PROBLEM STATEMENT: Wherever pictures appear in the listing below, leave them out, and copy exactly, and only, everything from the line with "2025年,太古地产财务整体" down to the line with "Off White clutch".

DATA SECTION:
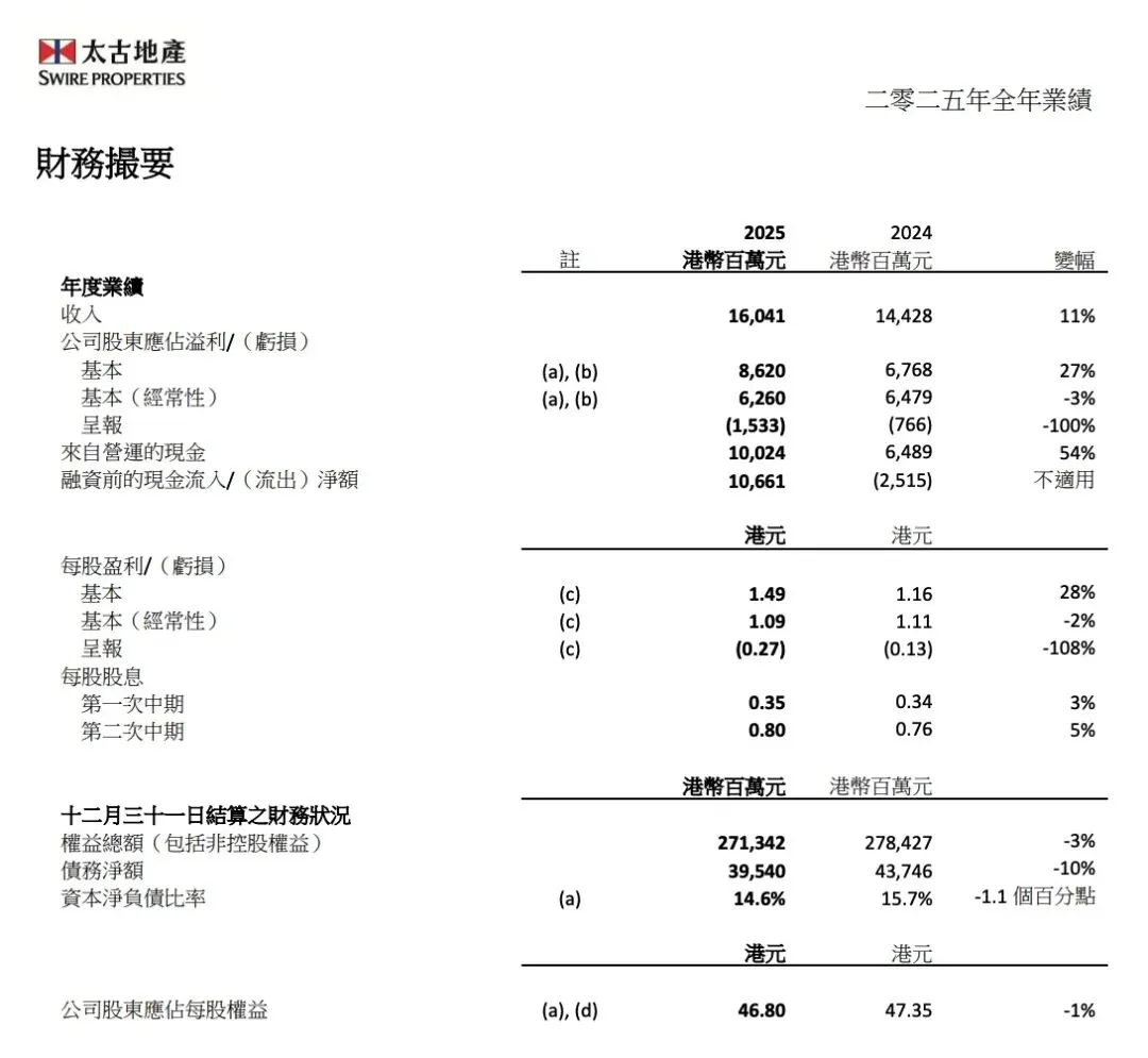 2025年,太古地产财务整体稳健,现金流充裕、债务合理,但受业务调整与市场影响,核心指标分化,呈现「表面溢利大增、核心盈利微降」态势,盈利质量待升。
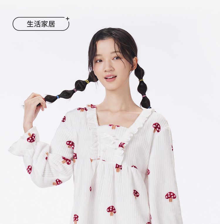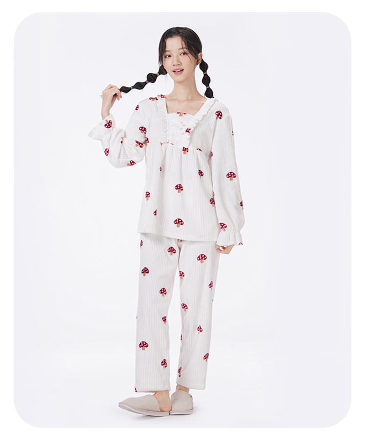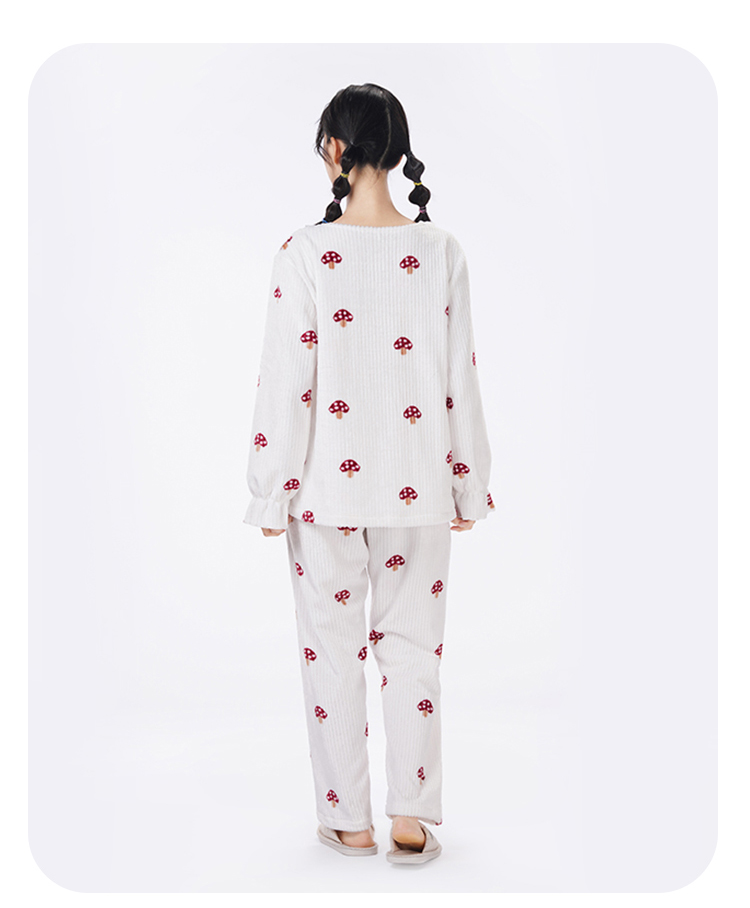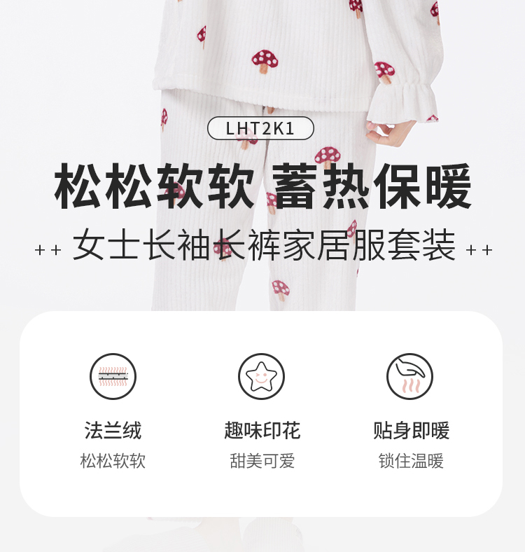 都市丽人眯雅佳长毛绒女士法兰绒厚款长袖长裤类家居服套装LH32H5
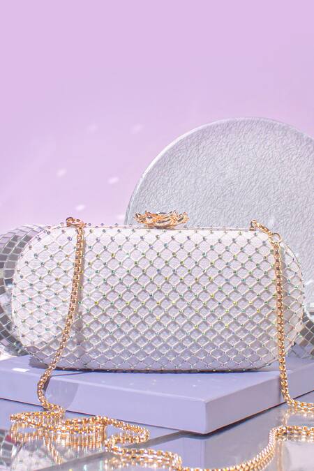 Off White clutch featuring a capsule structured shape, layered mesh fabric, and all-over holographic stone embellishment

* * *

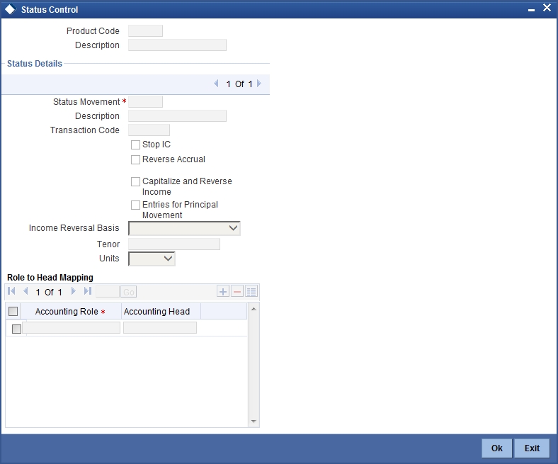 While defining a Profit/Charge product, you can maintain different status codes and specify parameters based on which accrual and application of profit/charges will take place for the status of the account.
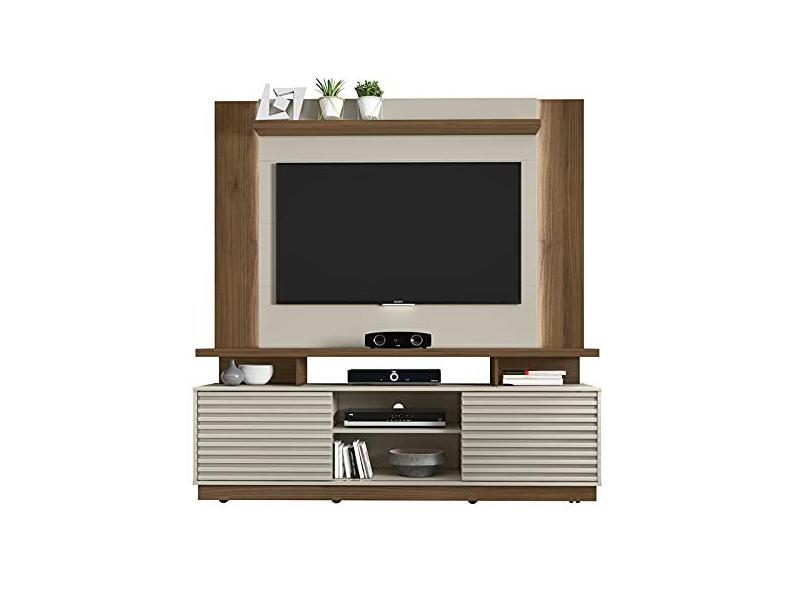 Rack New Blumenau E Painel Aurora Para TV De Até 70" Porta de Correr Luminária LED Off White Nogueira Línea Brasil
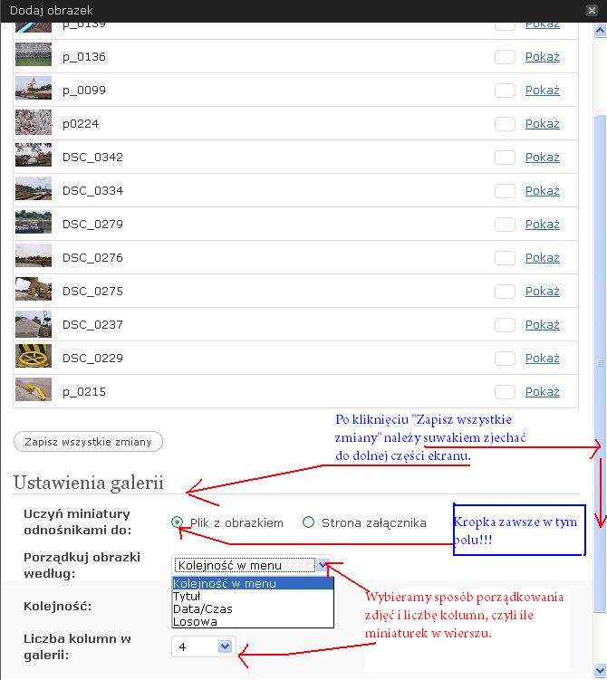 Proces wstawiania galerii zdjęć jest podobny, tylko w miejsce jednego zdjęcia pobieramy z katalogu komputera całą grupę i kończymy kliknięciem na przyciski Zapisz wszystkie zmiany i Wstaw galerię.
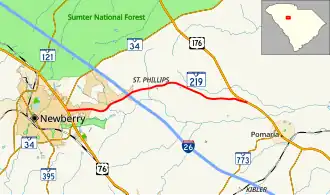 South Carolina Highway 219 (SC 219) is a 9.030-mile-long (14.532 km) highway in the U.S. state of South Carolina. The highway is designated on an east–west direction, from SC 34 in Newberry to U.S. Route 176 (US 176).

WRITTEN ANSWER:
 2025年,太古地产财务整体稳健,现金流充裕、债务合理,但受业务调整与市场影响,核心指标分化,呈现「表面溢利大增、核心盈利微降」态势,盈利质量待升。
 都市丽人眯雅佳长毛绒女士法兰绒厚款长袖长裤类家居服套装LH32H5
 Off White clutch featuring a capsule structured shape, layered mesh fabric, and all-over holographic stone embellishment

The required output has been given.